Since its inception the Nutri-Score labeling system has been controversial. Now the European Parliament has halted its implementation in the debate on 'The influence and control over the supermarket choices of European citizens' promoted from liberal positions.

In this debate nutrition experts, consumer associations and companies have shared their positions on the labeling system Nutri score that is being established in Europe.

no nutriscore in the oil
Nutriscore Labels

And it is that the system has been controversial since its inception since the algorithm that marks the Nutri-Score traffic light did not meet many criteria that when considered, the qualification varied again. In addition, products were reformulated with a more than healthy purpose of improving the rating of this system on the labeling, that is, advertising prevailed more than healthy global nutrition habits. A good example has been olive oil, a healthy and fundamental product in the Mediterranean diet that the Nutri-Score algorithm penalized.

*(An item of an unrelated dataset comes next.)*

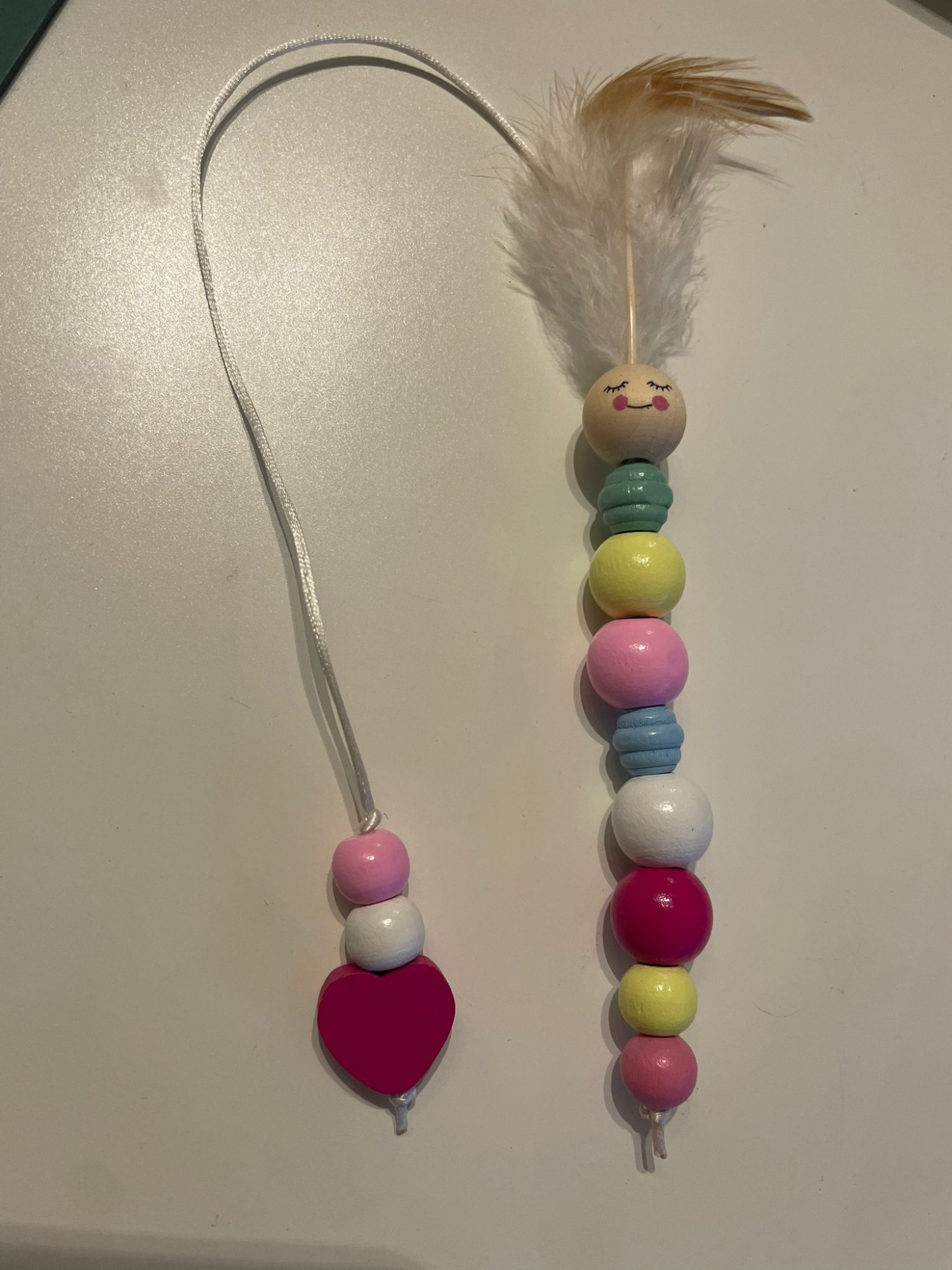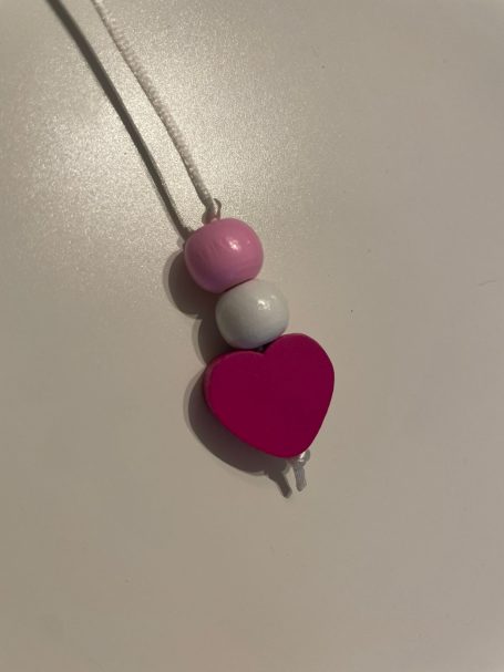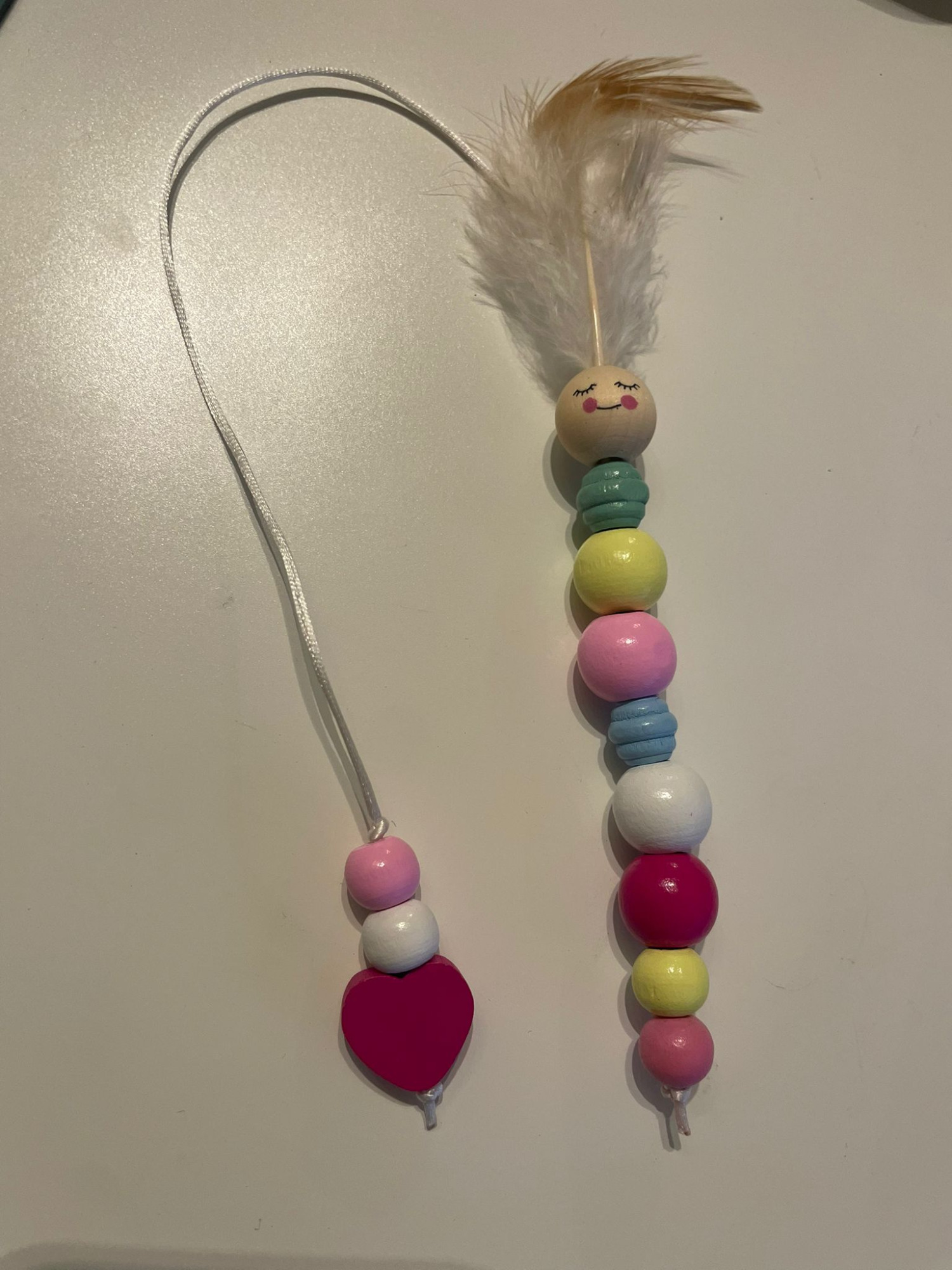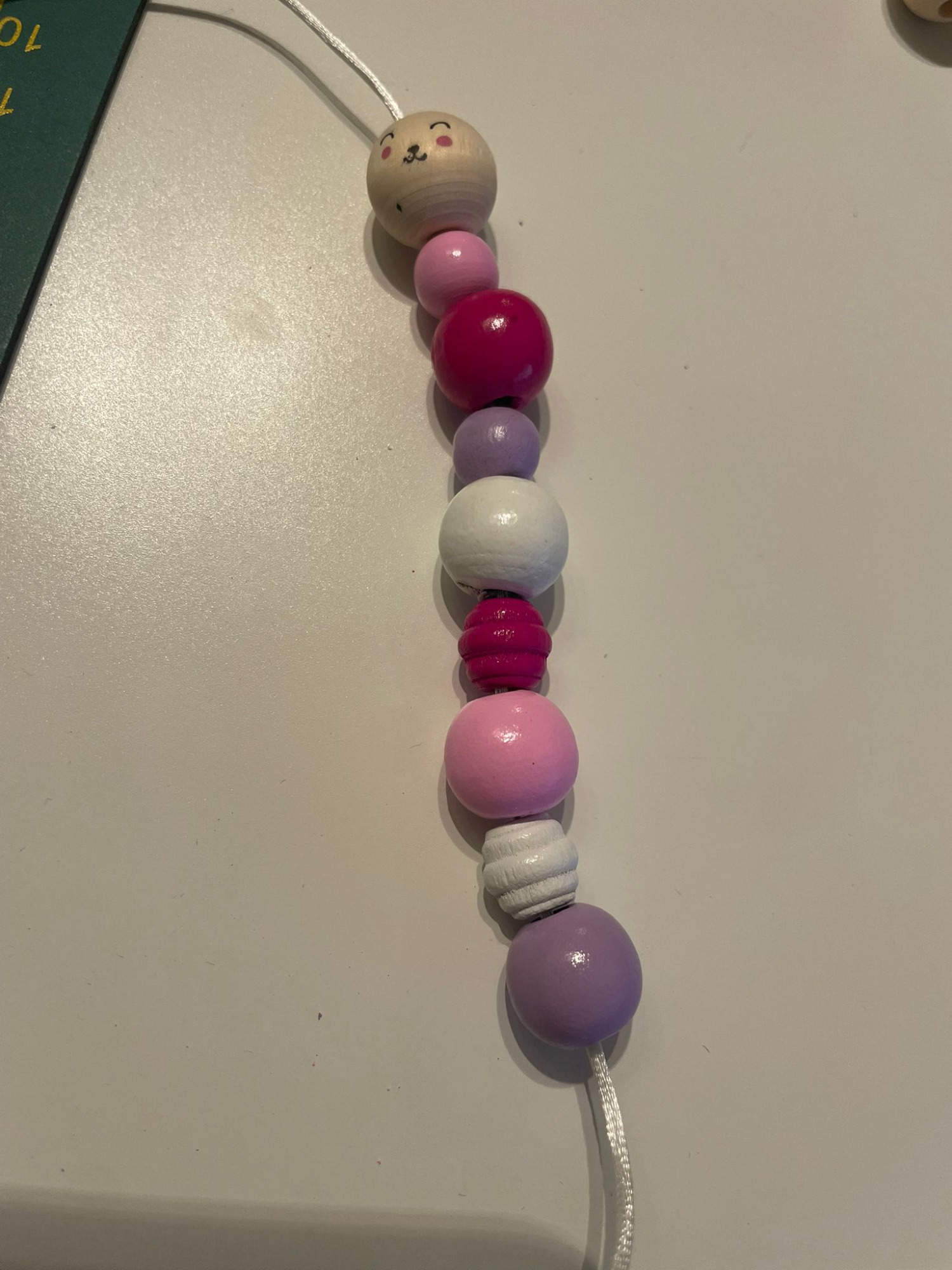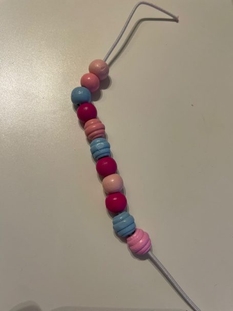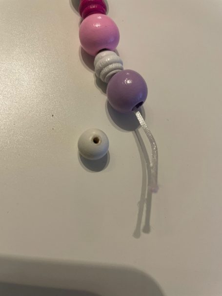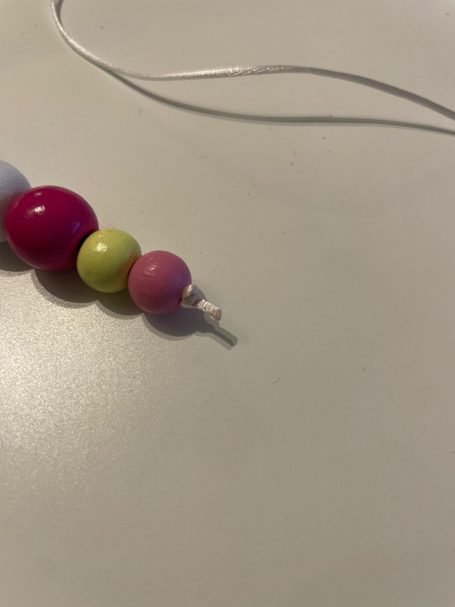 Als erstes machst du einen Knoten an eine Seite, sodass keine Perlen mehr herausfallen können. Anschließend fädelst du als erstes die Symbol-Perle (Herz, Stern, Krone) und anschließend zwei beliebig kleine Perlen auf. Nach diesen zwei Perlen machst du mind. 2 Knoten und fixierst diesen ggf. mit Kleber. Anschließend misst du einen Abstand von mind. 21 cm und machst dort dann wieder mind. 2 Knoten. Anschließend werden zuerst die Perle mit dem Gesicht und dann nach Belieben alle anderen Perlen aufgefädelt. Achte bitte hierbei darauf, dass sich eine Perle mit einem kleineren Loch wie alle anderen Perlen mit in der Tüte befindet. Diese Perle muss zum Schluss aufgefädelt werden. Außerdem rutschen dir wahrscheinlich alle nun aufgefädelten Perlen über den Knoten über der Gesichts-Perle. Das liegt an der Lochgröße der Perlen und wird gleich geändert.

Nutri-Score and its algorithm

According to the words of the professor of the University of Barcelona Jaume Estruch “Nutri-Score focuses on what is bad in a food. The algorithm calculates its rating, giving 40% weight to the negative effects of a food and only 15% to the positive effects”, explained the professor.

For his part Pietro Paganini, one of the organizers of the debate and founder of Competere.eu, “Europe is based on cultural diversity, freedoms, knowledge and education. Science is moving in the direction of personalized diets which is why Nutri-Score is the past. It's a one-size-fits-all scheme that is the old Hegelian model where an elite group of scientists approves an algorithm that it claims to be perfect and applicable to everyone. However, when political or commercial interests so decide, the algorithm can be changed and the ratings of selective products can go from the red 'E' to the yellow 'C'”.

The recommendation to stop and analyze the process

Herbert Dorfmann MEP, a defender of the European farm-to-table strategy, has described this labeling as improvable and "too simple" and dares to qualify what is healthy and adds. "What is healthy, how it is defined and who or what entity defines it is a matter, to say the least, complicated." MEP Dorfmann recommends, at this point, to test it and evaluate it with the health of consumers in the countries that have already implemented it, these are: France, Germany and Belgium.